鬼面没回应,只是缓缓抬起机械臂,在空中划出四个大字:

你们懂痛吗?

莫离握紧了剑柄,指节因用力而微微发白。她看着那行字,忽然觉得荒谬又悲凉。她想起了父亲被抹去名字的档案,母亲一夜白头的模样,还有祖母消失前最后的眼神。这些都不是“痛”能概括的,而是被系统性地抹除存在感的过程。

“我们不懂你被人改造成兵器的痛,但我们见过亲人被抢走的痛,见过真相被抹掉的痛。你拿这些当理由去毁一切,算什么英雄?”

“我不是英雄。”鬼面的声音终于响起,金属质感中夹杂着一丝疲惫,“我只是不想再做标本。”

光影开始消散,最后一刻,它转向李信,留下一句:“你念得出《滕王阁序》,救不了他们。你背得了万卷书,填不上一道伤。”

李信站在原地,掌心血纹仍未熄灭,映得竹简微微发亮。他低头看着手中这本《剑狱序》,指尖轻轻抚过那段被泪浸糊的字迹。那一刻,他不再只是考古学家,更像是在阅读一封来自地狱的求救信。

“他恨的不是世界。
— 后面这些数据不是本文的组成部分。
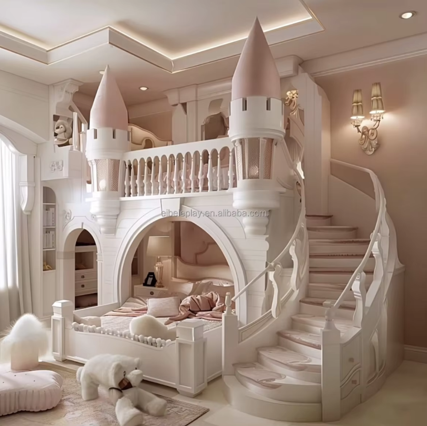 Cama litera personalizada con diseño de castillo de princesa, cama tipo bunker de lujo, camas literas rosas, juego de muebles de dormitorio para niñas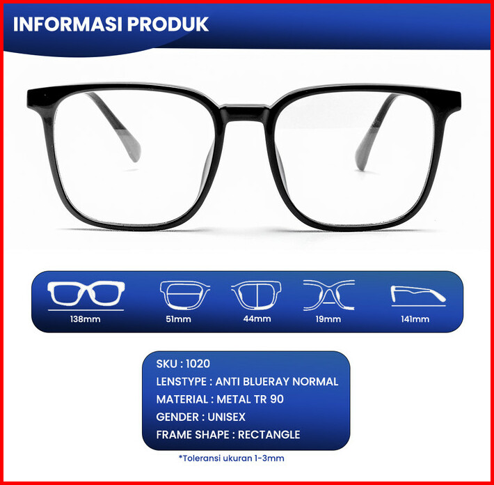 Kacamata Minus Metal Tr Kotak Anti Blueray Pria Wanita
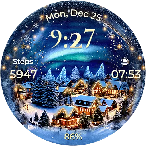 Animated Wear OS Watch Face - Festive Winter - Christmas at the North Pole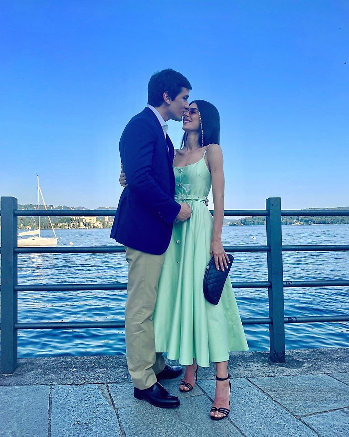 Dal cancello presidiato dalla sicurezza sono sfilati una quindicina di auto e van con i vetri oscurati. Dieci minuti prima delle 17 è arrivato quello con a bordo la sposa, 31 anni, uno meno del marito, originaria di Sirone, nel Lecchese, figlia di un imprenditore tessile e cofondatrice di una società di pubbliche relazioni. Si è intravisto il velo dell’abito bianco realizzato dall’amica stilista Alessandra Rich. Un piccolo frammento di immagine di una cerimonia (celebrata da un sacerdote domenicano) decisamente riservata, nello stile della coppia. I due sposini da tempo vivono in via Rovani a Milano, nella villa che è stata a fine anni '80 la residenza di Silvio Berlusconi.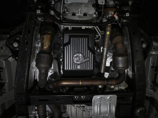 aFe 20-21 Ford Truck w/ 10R140 Transmission Pan Black POWER Street Series w/ Machined Fins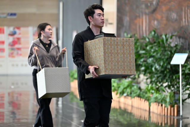 马赛(右)和女朋友闵方苹(左)在天津市武清区博物馆搬运展品(3月19日摄)。新华社记者 李然 摄
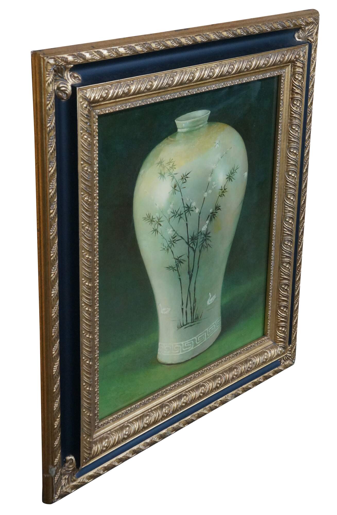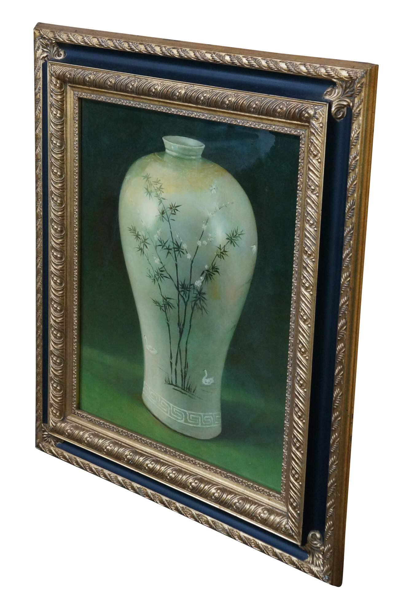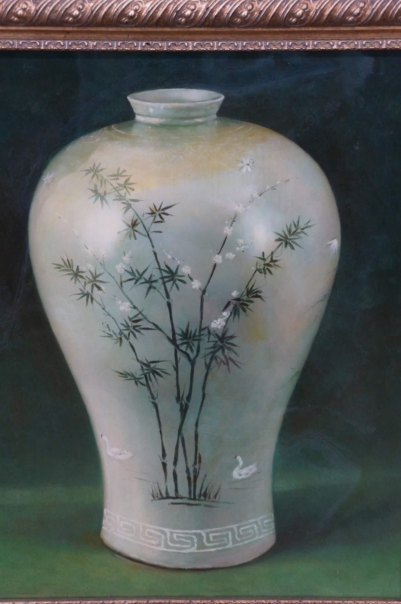 20th-century oil painting of a chinoiserie vase on canvas. The painting depicts a traditional urn or vase with plum branches, swans, and a Greek key design along the base. The canvas is framed in black and gold.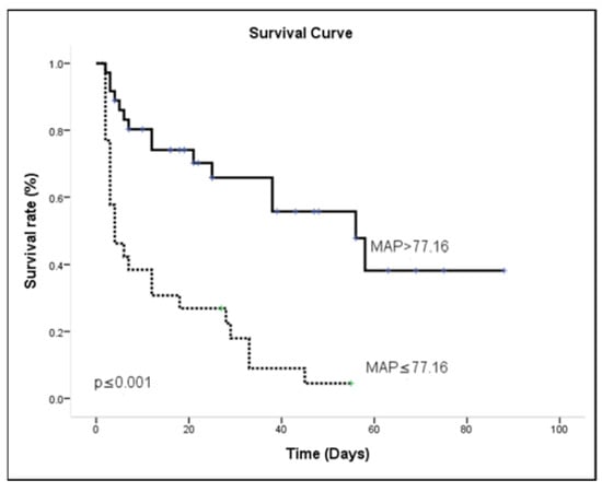 Sepsis is another factor classically associated with death in ICU patients. In the current study, sepsis occurred in 73% of the patients, similar to those previously reported by other investigators (64.4%) []. Recent data underline the strong prognostic impact of hypotension and cardiovascular failure in critically ill patients with sepsis []. Most patients with sepsis showed some degree of myocardial depression. Despite a compensatory increase in CO, the elevated SVR, hypovolemia, and myocardial depression induce hypotension, otherwise known as septic shock. Without aggressive fluid resuscitation in this phase, profound hypotension and progressive acidosis develop, leading to irreversible shock, multiple organ failure and death. The Surviving Sepsis Campaign Bundle states that vasopressin should be given to the patient to maintain a mean arterial pressure > 65 mmHg if the patient is hypotensive after fluid resuscitation, blood should be obtained for measuring lactate and blood cultures, and fluids and antibiotics should be administrated []. Nevertheless, increasing the MAP from 65 to 85 mmHg with nor-epinephrine neither affects metabolic variables nor improves renal function in septic shock [,]. A higher MAP (approximately 75 to 85 mmHg) may be preferable without harm in patients with chronic arterial hypertension, including patients with renal failure []. In the subgroup with acute or chronic renal failure, chronic hypertension is ubiquitous, and it has long been thought that renal disease decreases salt excretion, leading to volume overload and consequent hypertension []. In our study, the area under the ROC curve of MAP was 0.810 (95% CI: 0.694–0.926; p < 0.001) for overall mortality. Sensitivity and specificity for overall death of MAP ≤ 77.16 were 62.50% and 91.30%, respectively. This means that MAP > 77.16 mmHg is a good indicator to distinguish whether patients with renal failure combined with respiratory failure will survive. Therefore, in our study, MAP ≤ 77.16 mmHg was associated with higher probability of hospital death [OR = 3.06 (1.374–6.853); p = 0.006]; therefore, the blood pressure targets for renal failure in critical care should not be similar to that recommended for the general population.

”他喃喃道,“是他明明受害,却变成了别人手中的刀。”

莫离走到窗边,望向远处山林。自燃的飞行器残骸已经熄灭,夜空恢复黑暗,唯有几颗星还悬在牛斗位置,其中一颗仍在忽明忽暗,节奏如同心跳。她忽然意识到,这不是自然现象,而是某种编码信号——也许正是当年雷焕家族用来传递情报的方式。

“他在等我们犯错。”她说,“等我们同情他,犹豫一瞬,就会被反咬一口。”

李信把竹简塞进背包,顺手掏出AR眼镜检查信号。屏幕闪了两下,依旧显示【定位失败】。他皱眉,又试了三次,结果相同。高科技废了。他收起设备,心中却升起一种奇怪的预感:也许这才是对方希望看到的局面——逼他们回归原始手段,用最笨的办法,走最危险的路。